**WHAT THE TASK REQUIRES**:
Nothing but the lines below from the one holding "Grown indoor under" up to and including the one holding "4581 - أَنْعِمْ" should be copied, exactly and without pictures.
-- -- --
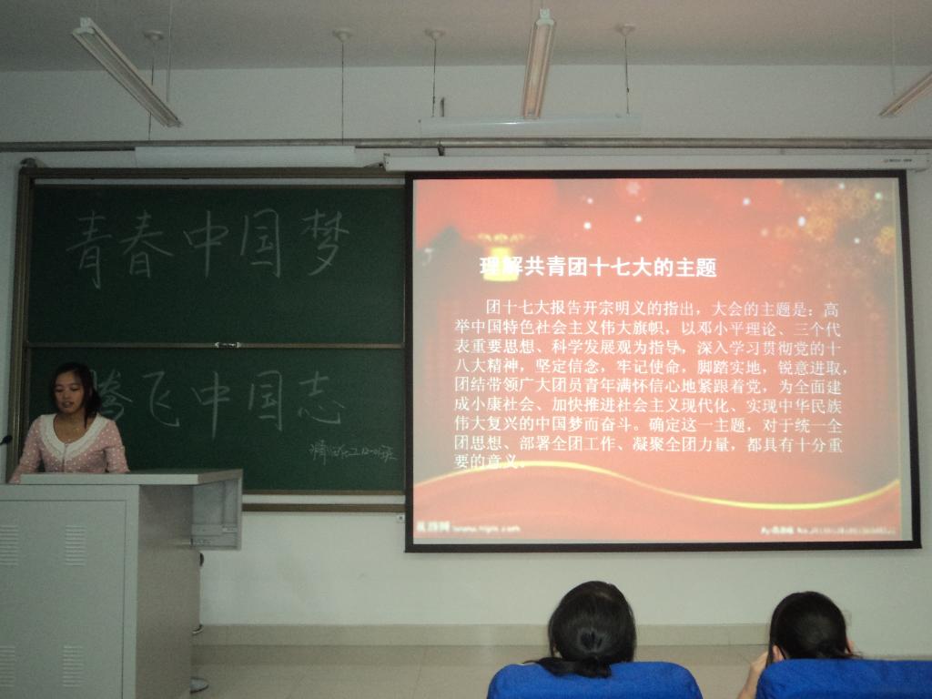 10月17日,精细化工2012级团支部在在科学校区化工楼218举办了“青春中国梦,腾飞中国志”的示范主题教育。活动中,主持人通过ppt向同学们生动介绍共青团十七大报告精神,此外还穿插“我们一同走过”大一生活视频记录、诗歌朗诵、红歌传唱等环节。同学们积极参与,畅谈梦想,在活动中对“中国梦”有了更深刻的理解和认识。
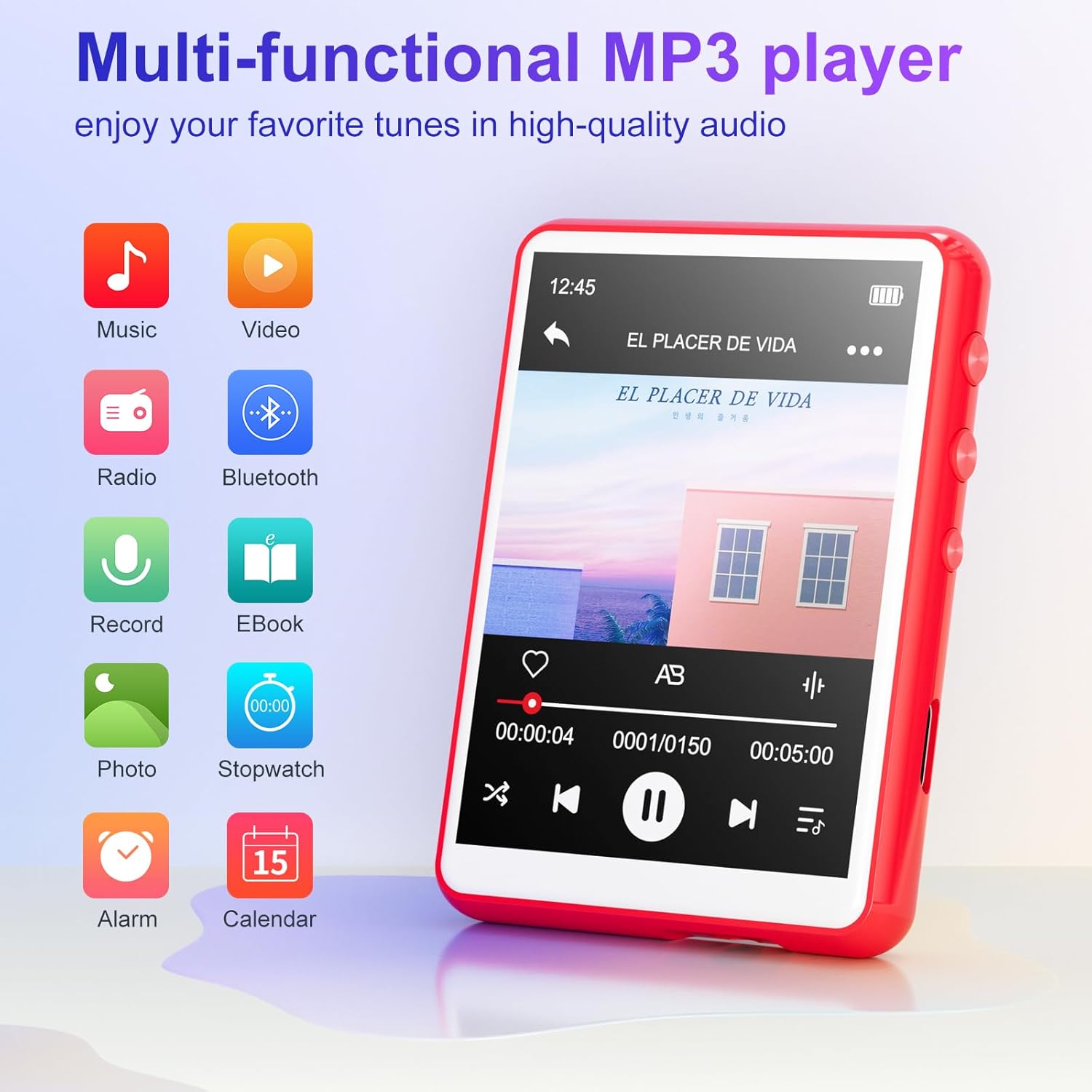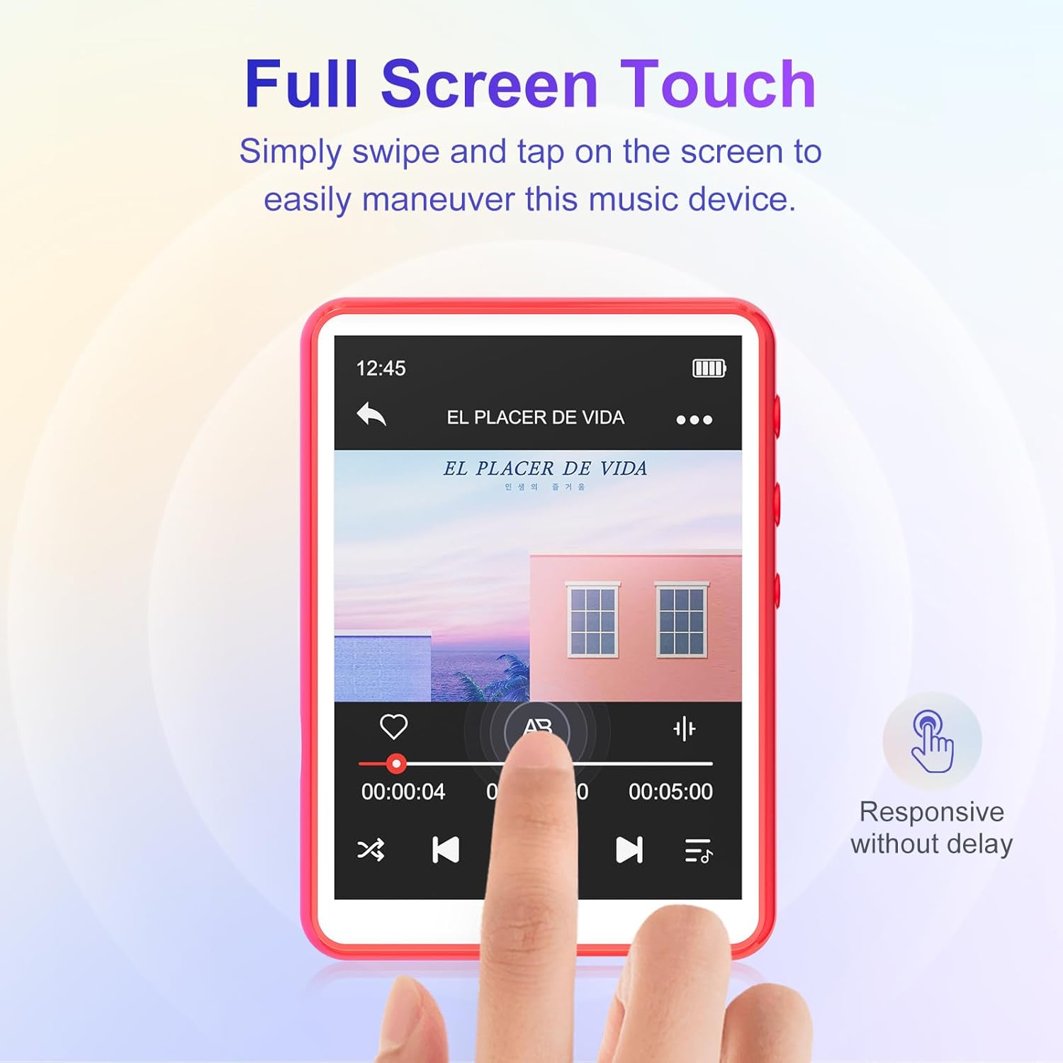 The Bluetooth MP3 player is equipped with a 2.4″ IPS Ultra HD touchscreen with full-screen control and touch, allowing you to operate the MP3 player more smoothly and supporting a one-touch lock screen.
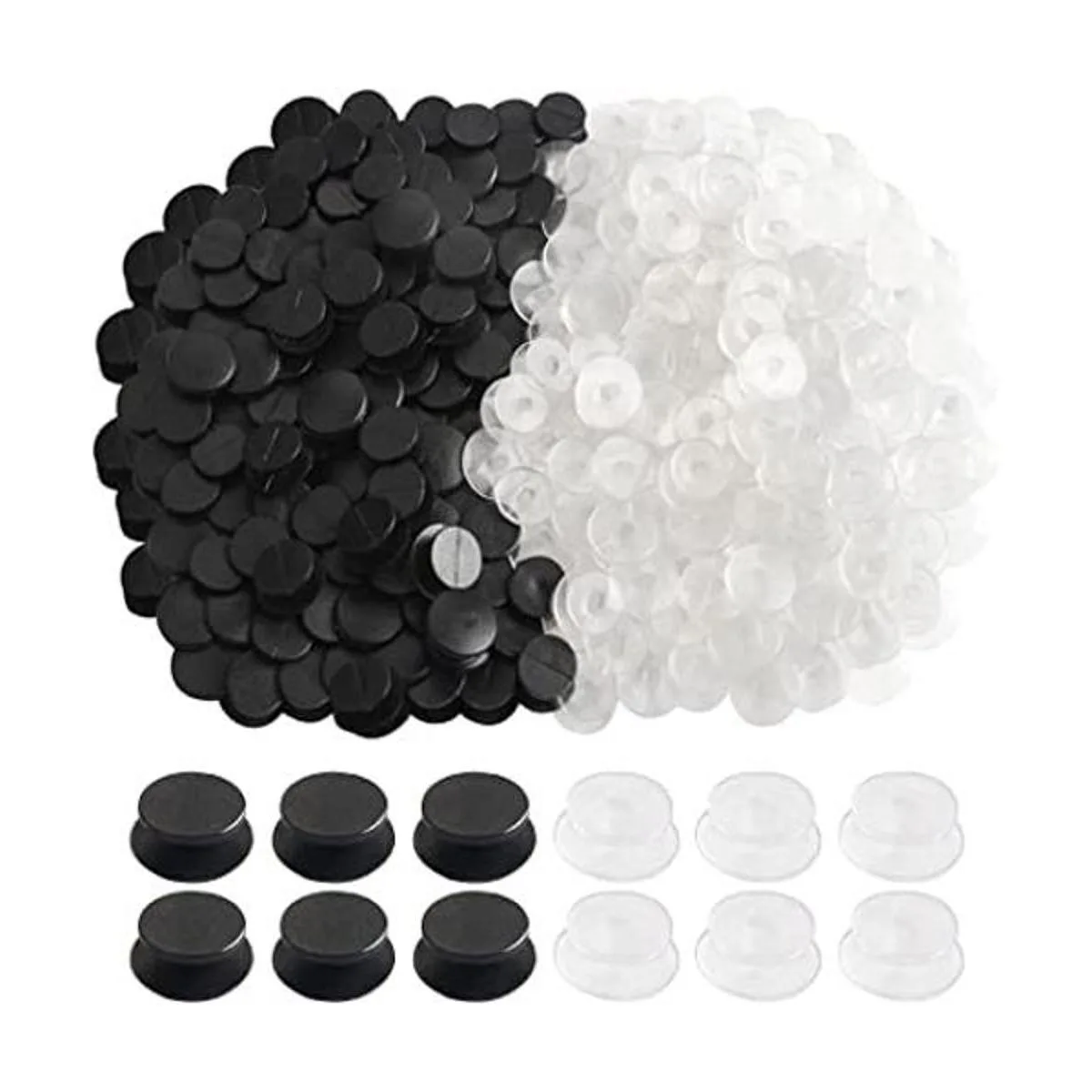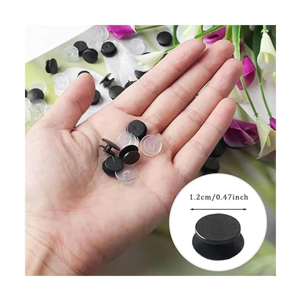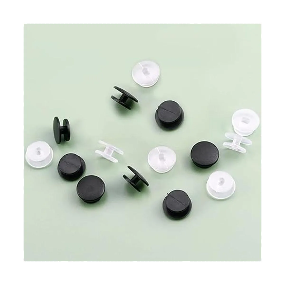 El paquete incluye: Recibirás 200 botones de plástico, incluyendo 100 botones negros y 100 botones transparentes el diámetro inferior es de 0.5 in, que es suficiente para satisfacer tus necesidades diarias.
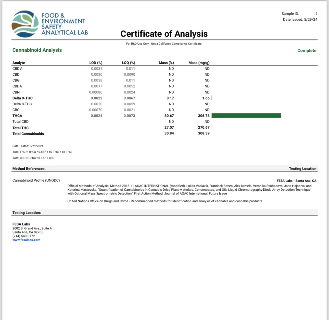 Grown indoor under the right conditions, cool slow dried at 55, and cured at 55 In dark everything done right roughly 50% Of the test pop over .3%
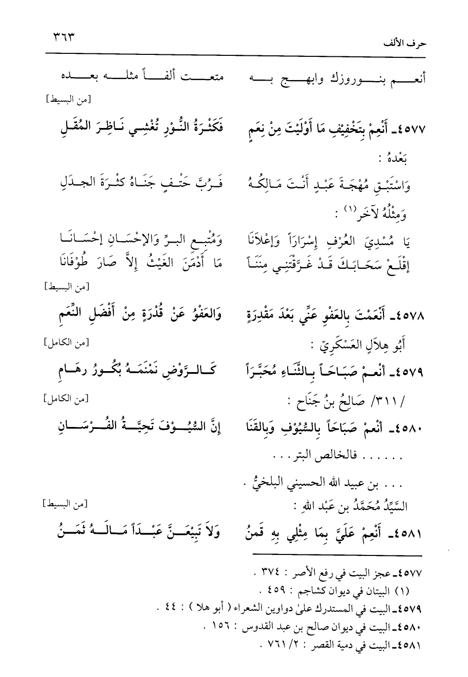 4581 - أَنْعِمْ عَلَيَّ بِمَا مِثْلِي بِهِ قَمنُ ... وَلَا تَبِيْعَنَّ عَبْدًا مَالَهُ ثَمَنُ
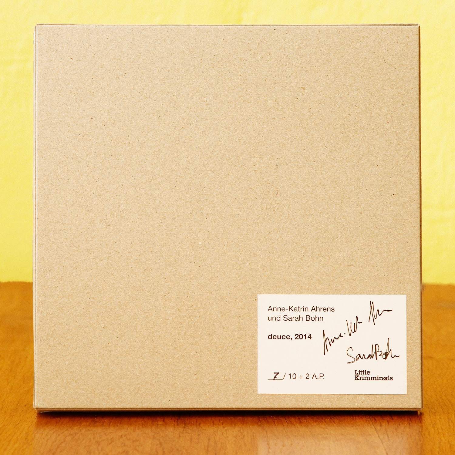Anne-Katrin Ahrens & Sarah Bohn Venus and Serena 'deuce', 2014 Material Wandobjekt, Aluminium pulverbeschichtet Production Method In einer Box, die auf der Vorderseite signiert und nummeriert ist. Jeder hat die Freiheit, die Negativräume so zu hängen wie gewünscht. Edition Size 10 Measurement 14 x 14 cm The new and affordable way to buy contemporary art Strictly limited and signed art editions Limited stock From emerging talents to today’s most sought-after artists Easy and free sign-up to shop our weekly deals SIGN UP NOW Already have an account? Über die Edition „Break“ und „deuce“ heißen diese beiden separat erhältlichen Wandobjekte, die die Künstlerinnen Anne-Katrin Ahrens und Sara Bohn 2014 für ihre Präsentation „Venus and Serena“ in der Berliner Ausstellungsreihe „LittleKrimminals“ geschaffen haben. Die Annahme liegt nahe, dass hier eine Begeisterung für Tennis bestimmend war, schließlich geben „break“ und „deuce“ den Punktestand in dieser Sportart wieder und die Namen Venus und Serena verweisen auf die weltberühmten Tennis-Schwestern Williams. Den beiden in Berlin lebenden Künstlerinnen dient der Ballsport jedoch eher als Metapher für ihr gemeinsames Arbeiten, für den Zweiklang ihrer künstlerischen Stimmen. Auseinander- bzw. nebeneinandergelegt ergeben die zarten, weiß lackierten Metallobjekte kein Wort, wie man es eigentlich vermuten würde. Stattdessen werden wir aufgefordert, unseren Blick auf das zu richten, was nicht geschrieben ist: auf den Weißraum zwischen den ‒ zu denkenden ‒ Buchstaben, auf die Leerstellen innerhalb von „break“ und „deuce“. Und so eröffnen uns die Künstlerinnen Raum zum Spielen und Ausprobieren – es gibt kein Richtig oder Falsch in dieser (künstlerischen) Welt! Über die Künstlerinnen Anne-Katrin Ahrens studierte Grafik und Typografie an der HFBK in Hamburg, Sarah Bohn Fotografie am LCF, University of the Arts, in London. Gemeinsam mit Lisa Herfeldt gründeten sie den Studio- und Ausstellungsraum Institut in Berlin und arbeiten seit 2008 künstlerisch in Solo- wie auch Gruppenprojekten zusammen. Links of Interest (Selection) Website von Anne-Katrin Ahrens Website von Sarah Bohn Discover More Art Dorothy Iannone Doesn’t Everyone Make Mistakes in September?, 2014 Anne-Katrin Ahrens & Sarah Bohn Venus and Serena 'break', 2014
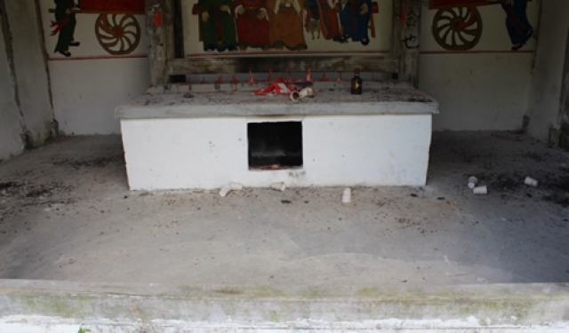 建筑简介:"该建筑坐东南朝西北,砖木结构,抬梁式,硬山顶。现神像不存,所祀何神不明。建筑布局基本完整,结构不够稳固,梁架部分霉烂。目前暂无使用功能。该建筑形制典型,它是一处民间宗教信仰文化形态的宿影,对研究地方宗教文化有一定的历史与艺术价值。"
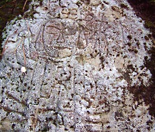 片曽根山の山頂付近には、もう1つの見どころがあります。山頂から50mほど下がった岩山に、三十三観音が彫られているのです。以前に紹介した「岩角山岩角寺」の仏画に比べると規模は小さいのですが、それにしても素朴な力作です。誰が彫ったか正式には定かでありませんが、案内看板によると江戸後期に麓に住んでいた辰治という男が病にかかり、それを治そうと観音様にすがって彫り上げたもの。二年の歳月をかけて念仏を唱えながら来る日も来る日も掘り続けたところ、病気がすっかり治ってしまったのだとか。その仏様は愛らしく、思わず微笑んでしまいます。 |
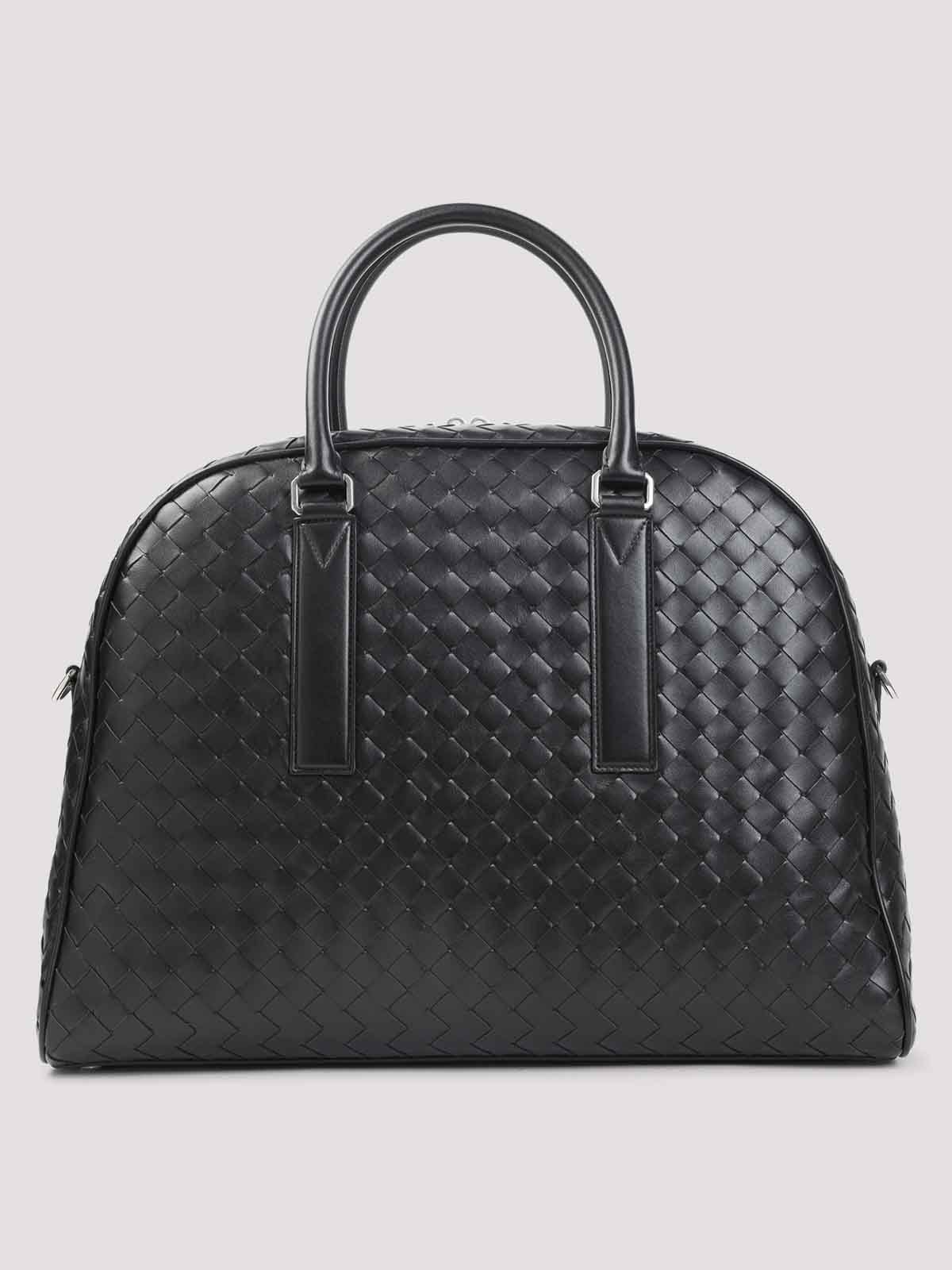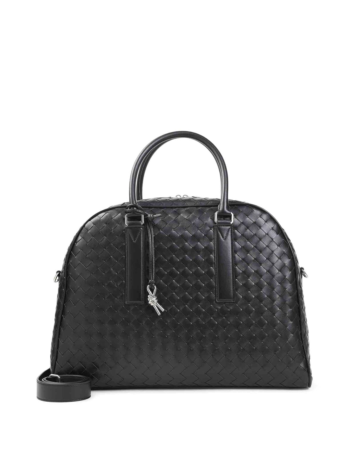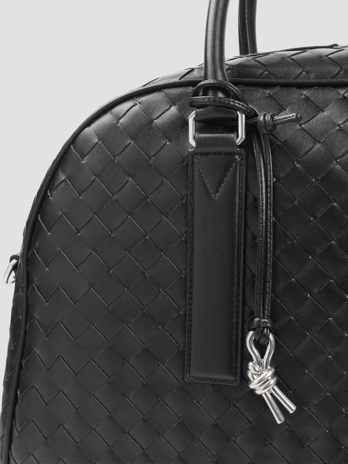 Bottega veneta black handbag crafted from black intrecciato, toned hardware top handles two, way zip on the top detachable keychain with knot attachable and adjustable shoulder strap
-- -- --
**RESULT FOR THIS EXERCISE**:
 Grown indoor under the right conditions, cool slow dried at 55, and cured at 55 In dark everything done right roughly 50% Of the test pop over .3%
 4581 - أَنْعِمْ عَلَيَّ بِمَا مِثْلِي بِهِ قَمنُ ... وَلَا تَبِيْعَنَّ عَبْدًا مَالَهُ ثَمَنُ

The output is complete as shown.